[Saved data entries]

######

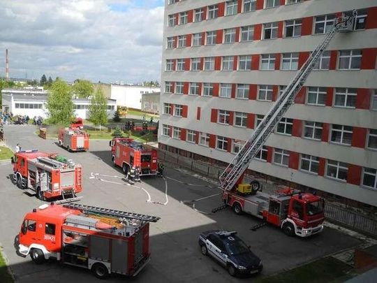 Służby wchodzące w skład zamojskiego Miejskiego Zespołu Zarządzania Kryzysowego przyjechały w środę do szpitala „papieskiego” w Zamościu. Akcja rozpoczęła się o godzinie 13 i trwała dwie godziny. W manewrach wzięło udział pięć zastępów Państwowej Straży Pożarnej, sześć zastępów OSP, ratownicy medyczni, policjanci, strażnicy miejscy, Zespół Szkół Mundurowych, Miejski Zakład Komunikacji oraz Ośrodek Sportu i Rekreacji. Scenariusz przewidywał również, że w szpitalu mogła znajdować się bomba. Na miejscu był także policyjny negocjator, który miał za zadanie dowiedzieć jak najwięcej o miejscu podłożenia ładunku.– Dzięki ćwiczeniom chcemy udoskonalić współdziałanie jednostek ochrony przeciwpożarowej z personelem szpitala, pogotowiem ratunkowym, policją i innymi służbami – wyjaśnia mł. bryg. Andrzej Szozda z Komendy Miejskiej Państwowej Straży Pożarnej w Zamościu. Jak dodaje, akcja pomoże sprawdzić przejezdność dróg pożarowych, kierunki prowadzenia ewakuacji oraz sposoby gaszenia pożarów wewnątrz szpitala. Są to standardowe ćwiczenia, które mają sprawdzić, jak poradzą sobie służby w takiej sytuacji i przygotować je na różne ewentualności.
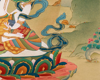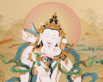 Immerse yourself in the transcendent beauty of our Vajrasattva Consort Thangka, a masterful piece of Tibetan art that captures the profound essence of sacred purification and enlightenment. This majestic Thangka intricately portrays Vajrasattva and his consort in a divine embrace, embodying the principles of purification and spiritual union.
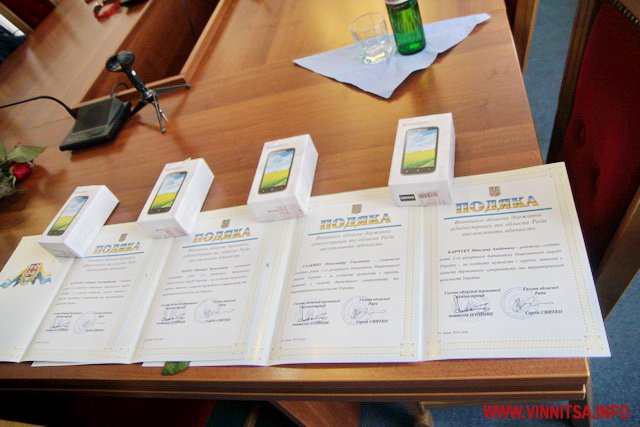 Новеньки смартфони марки Lenovo від голови Вінницької облдержадміністрації Анатолія Олійника дісталися чотирьом вінничанам, які у складі підрозділів Національної відзначилися в ході проведення Антитерористичної операції на Донбасі.
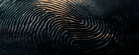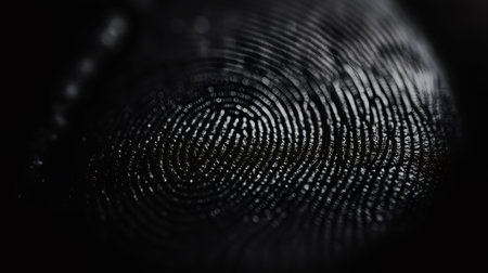 An intricate pattern of ridges and valleys emerges vividly against a deep, shadowed backdrop, revealing the uniqueness of human identity.
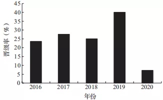 圖3 2016-2020年1年區試品種晉級(ji)率
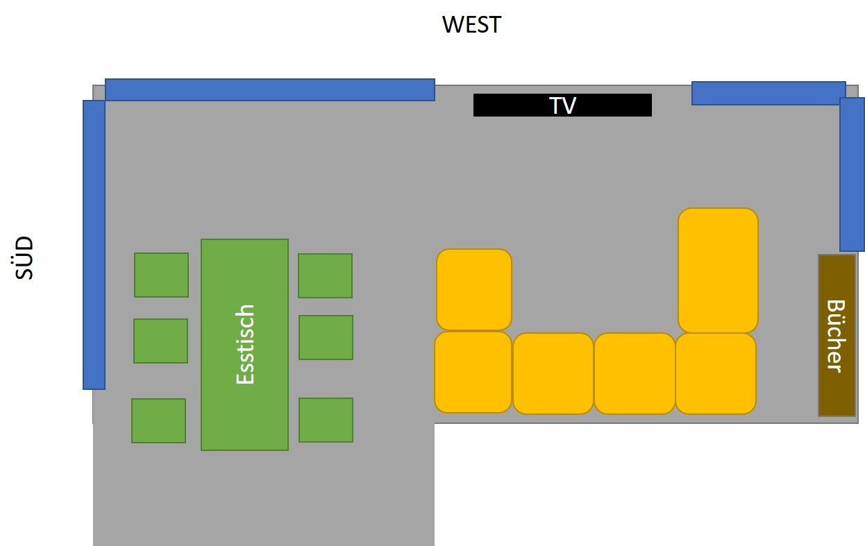 Mich würde mal interessieren, wie ihr das realisiert mit Couch, Glasfront und TV.Ungefähr so ... (ist jetzt nicht im Maßstab und überall genug Platz zum durchlaufen)
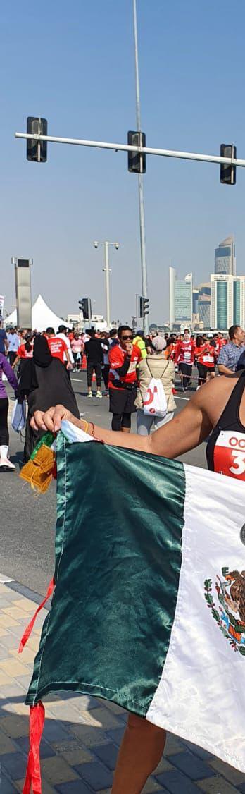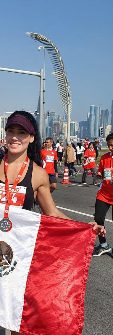 El MaratóndeDoha2023 se corrióel20deenero,enclaro aprovechamientodelafrescura invernaldeestalatitud.¡Dos mexicanasresidentespusieronen altoelnombredenuestropaís! AnilúDelaBarreda terminólos 42kmsdelMaratónysuperósu propiorécord,entantoque SoledadDomínguez obtuvoel segundolugarenel‘medio maraton’.Deuntotalde8 hombresy22mujeresmexicanas
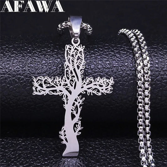 Tree of Life Cross Pendant Necklace, Men Women Aesthetic Jewelry Stainless
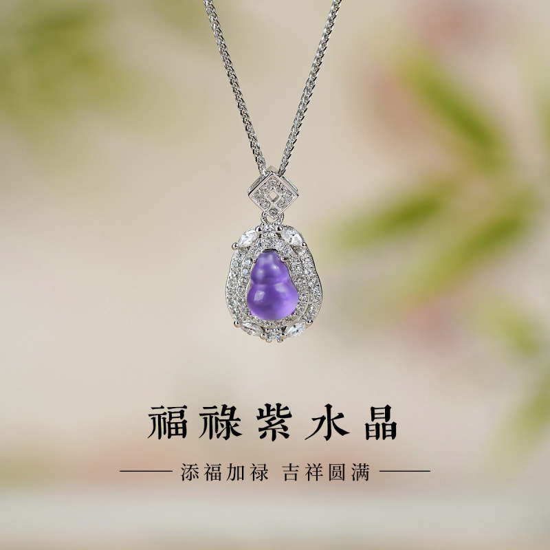 新しい中国風のアメジストの祝福と幸福のひょうたんペンダント、ダイヤモンドがちりばめられた鎖骨チェーン、女性用のハイエンドペンダント、ファッショナブルで多用途

######

▸ **WORK ORDER**
I would like you to set down the lines above, from the one containing "Immerse yourself in" to the final line, exactly as written and without pictures.

▸ **TASK ANSWER**
 Immerse yourself in the transcendent beauty of our Vajrasattva Consort Thangka, a masterful piece of Tibetan art that captures the profound essence of sacred purification and enlightenment. This majestic Thangka intricately portrays Vajrasattva and his consort in a divine embrace, embodying the principles of purification and spiritual union.
 Новеньки смартфони марки Lenovo від голови Вінницької облдержадміністрації Анатолія Олійника дісталися чотирьом вінничанам, які у складі підрозділів Національної відзначилися в ході проведення Антитерористичної операції на Донбасі.
 An intricate pattern of ridges and valleys emerges vividly against a deep, shadowed backdrop, revealing the uniqueness of human identity.
 圖3 2016-2020年1年區試品種晉級(ji)率
 Mich würde mal interessieren, wie ihr das realisiert mit Couch, Glasfront und TV.Ungefähr so ... (ist jetzt nicht im Maßstab und überall genug Platz zum durchlaufen)
 El MaratóndeDoha2023 se corrióel20deenero,enclaro aprovechamientodelafrescura invernaldeestalatitud.¡Dos mexicanasresidentespusieronen altoelnombredenuestropaís! AnilúDelaBarreda terminólos 42kmsdelMaratónysuperósu propiorécord,entantoque SoledadDomínguez obtuvoel segundolugarenel‘medio maraton’.Deuntotalde8 hombresy22mujeresmexicanas
 Tree of Life Cross Pendant Necklace, Men Women Aesthetic Jewelry Stainless
 新しい中国風のアメジストの祝福と幸福のひょうたんペンダント、ダイヤモンドがちりばめられた鎖骨チェーン、女性用のハイエンドペンダント、ファッショナブルで多用途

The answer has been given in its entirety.